As reported in the Bellingham, WA newspaper, it was a tragic and sudden freak event when 6-year-old Jake Finkbonner from Washington State, cut his lip during a basketball game. A flesh-eating bacteria began attacking his face, causing it to swell and giving him a dangerously high fever. The basketball game was on Saturday. By Tuesday, doctors said he would not recover and Jake was given the sacraments of Last Rites. The family’s priest asked his congregation to pray for Kateri’s intercession. It seemed a fitting saint to ask for help due to her own facial scarring and also because Jake is part Native American.
A medal of Kateri was placed on his pillow and by the next day, the infection stopped progressing, and he recovered. After a three-year investigation, Pope Benedict approved it as a miracle attributed to Kateri’s intervention.
Jake is now a sixth-grader who has reported he hopes to be a doctor himself one day and his faith in God is stronger than ever.
A Saint for Our Times
Kateri’s canonization date has not been announced yet. She will be the first Native American from the continental United States to be declared a saint. Her sainthood will be the greatly celebrated across the globe and especially among the American Indian Community and societies that have formed in honor of Kateri.

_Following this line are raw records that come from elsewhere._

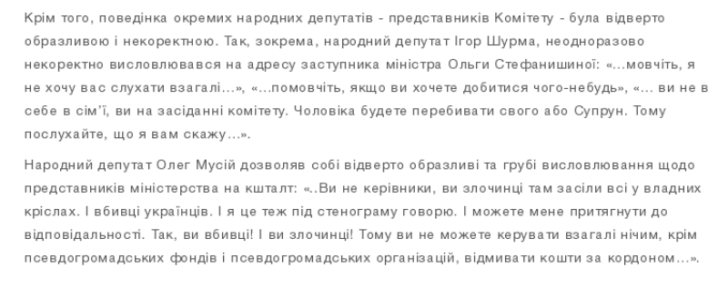 Олег Мусий: «..Вы не руководители, вы преступники там засели все во властных креслах. И убийцы украинцев. И я это тоже под стенограмму говорю. И можете меня привлечь к ответственности. Да, вы убийцы! И вы преступники! Поэтому вы не можете управлять вообще ничем, кроме псевдообщественных фондов и псевдообщественных организаций, отмывать средства за рубежом … ».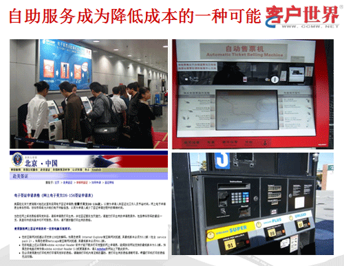 我想自助服務(wù)成為降低成本的一種手段已經(jīng)不是什么新話題。我這次去美國,感觸特別深刻,今天的華盛頓機(jī)場,當(dāng)你去UA柜臺check in的時(shí)候已經(jīng)幾乎沒有人了,基本靠自助服務(wù),你自己check in,自己把行李條貼上。我們?nèi)ッ绹笫桂^辦簽證,他們只收電子表格的申請。什么是電子表格,就是你得在美國大使館網(wǎng)站上把你的信息輸進(jìn)去,等于你幫助美國大使館節(jié)約了輸入費(fèi)用。我想今天無論在上海還是北京,在中國很多行業(yè)已經(jīng)開始使用自助手段,我們無法逃避這樣一個現(xiàn)實(shí)。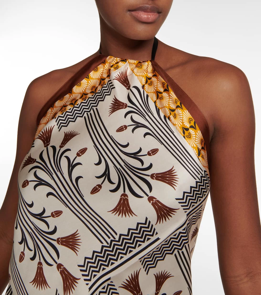 Verfeinern Sie Ihre Strandgarderobe mit eleganten und leichten Styles, wie dem Ubi Neckholder-Top von Max Mara. Das Modell wurde aus bedrucktem Satin mit einem tiefen offenen Rücken und einer rautenförmigen Vorderseite gefertigt.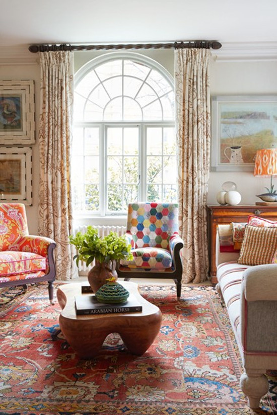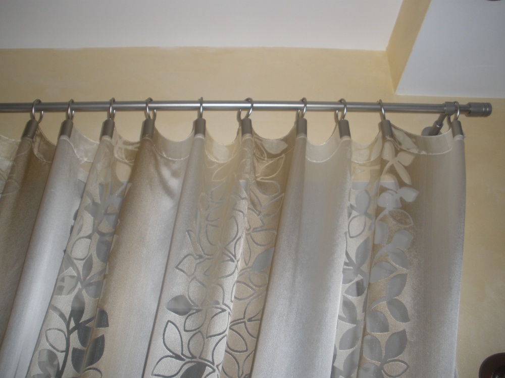 Le plus souvent, les bagues sont utilisées dans une salle de style Techno, mais vous pouvez également les trouver dans un intérieur classique (exemple sur la photo). Les anneaux, cousus aux rideaux, exigent certainement la capacité de les enlever complètement. Mieux encore, ils ont l'air sur une corniche tubulaire.

Over the years, many stories of divine intervention have been attributed to Blessed Kateri. In my own life, a friend of mine developed a late-in-life ability to paint fine art (See where it has led: http://www.immaculataart.com/paintings.html )
Her first painting after the age of fifty, was Kateri. “I did not really understand the inspiration since I’m not Native American, but I followed it,” she said. The picture, titled “Holding onto Faith” depicts the young Mohawk maiden holding a cross to her heart. It has been used in calendars and other venues within the Indian Community. Nellie, with Kateri as the inspiration, has also been working among Native Americans to promote a pro-life group within their communities.
The Church often moves slowly towards canonization, and no doubt, many devotees were impatient for Kateri’s sainthood to be formally announced. Yet, as Catholics, we trust that God chooses the times when we can benefit most from. So surely, our future St. Kateri Tekakwitha is a saint chosen for just our times and her intercession will continue to attain miracles among the faithful.